Jake, 7-yr-old Autistic Boy, Uses iPad App iWriteWords

The application that Jake is using is a writing assistance application that helps the child learn and practice how to write a letter by using their finger to trace on the iPad. In addition to tracing letters, the individual letters lead up to creating words. This application recites each letter after the child traces it and recites the words once all letters are traced. This is a great app for a child to use independently to enhance their skills in writing and recognizing the different letters. While this may not directly help with holding a pencil and writing on paper it is important for the child to know what strokes to make and when to write a letter. 

App Gives Autistic Children A Voice

This is a news story about a young boy who was finally able to communicate through the use of an iPad application. His mother described her feelings not knowing if her son would understand the questions she would ask him and was amazed at what she saw. Katie Linendoll, a Tech Expert, discusses the dramatic changes that have been seen since the introduction of the iPad in the world of communication for those with communication disorders. She specifically shares the app, Proloquo2Go, that with over 14,000 images and symbols in its built-in library it can aid in the communication of these children and other individuals in their surroundings. Children can either use one image or symbol to express a feeling or need, or they can string together multiple images/symbols to create complete sentences. This is said to be a very user friendly application that has been proven to make a difference as we saw in the little boy from the beginnings life. 

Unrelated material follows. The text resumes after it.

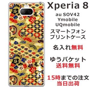- Xperia 8 ケース SOV42 エクスペリア8 カバー らふら 名入れ 和柄 千代紙ゴールド
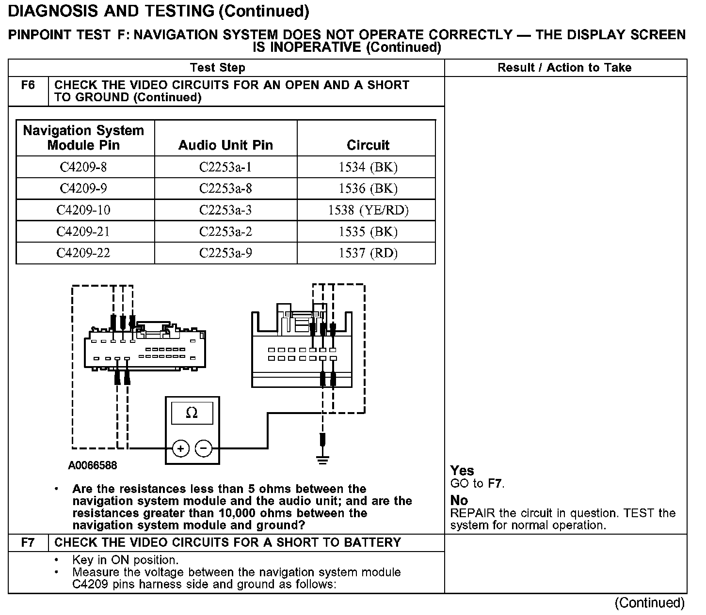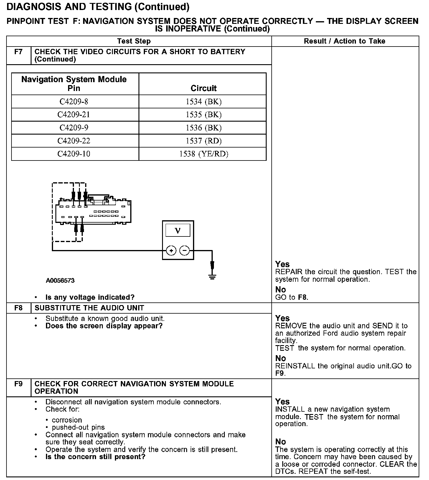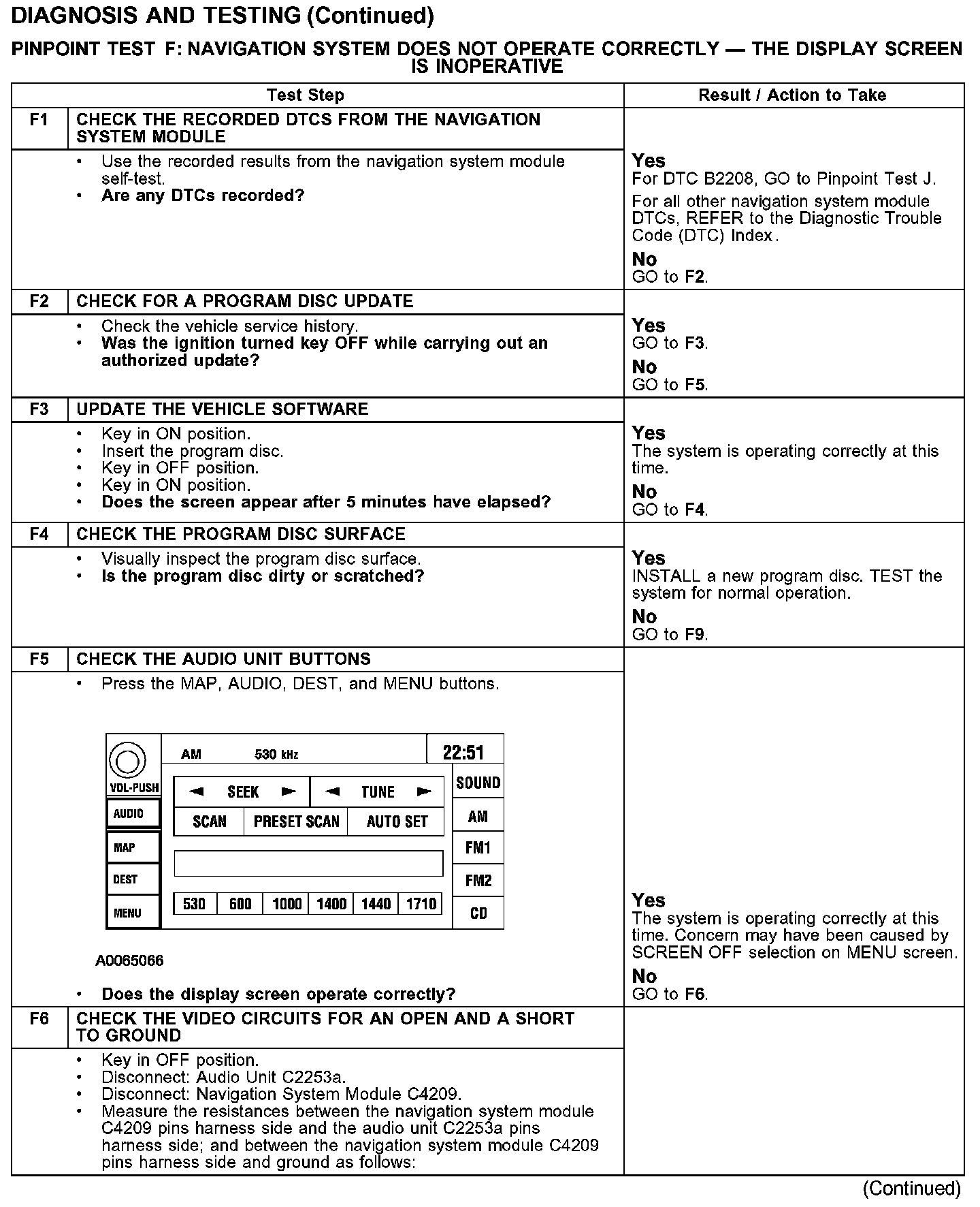 PINPOINT TEST F: NAVIGATION SYSTEM DOES NOT OPERATE CORRECTLY - THE DISPLAY SCREEN IS INOPERATIVETest F1-F6:

The Conversation: iPad Gives Voice to The Autistic

 Proloquo2Go, in laying meaning "speak out loud" describes exactly what this app accomplishes. In this video the co-creater of the application discusses how to use the application, why he chose to create this application, and what changes have been made for non-verbal children since the creation of the application. He shares that the driving point for creating this application was knowing how expensive communication devices can be and want this to be easily accessible to children around the world. He knows how important it is to communicate and wants everyone, children involved, to be able to share their wants and needs. 

Studying Autism and iPads

In this 60 Minute Interview Rhonda McEwen, a Canadian Professor, discusses her studies on the use of iPads by children with autism. McEwen shares that the progress may take time but learning to "play with language" is the first step to communicating and using the different applications provided for the iPad. 

After watching the different videos and interviews I have gained a much better understanding of the use and success of using iPads with individuals who have communication disorders. Watching the interaction of the children while using the iPad and what improvements have been seen, some more drastic than others, is astounding. It was interesting however to hear what Rhonda McEwen had to say in the 60 Minute interview. I had never taken the time to consider the period of time in which a child receives the iPad and when they start communicating. I guess I figured this happened automatically? That children would start with minimal communications and build up over time? It was fascinating to hear about this period of time in which the children are "playing with language" and adjusting to using the device. At first, after watching a few of the videos, I thought how many videos can a person watch on iPads and Communication disorders. But I soon realized that each video has a different message, a different learning point, another opportunity to grow and learn.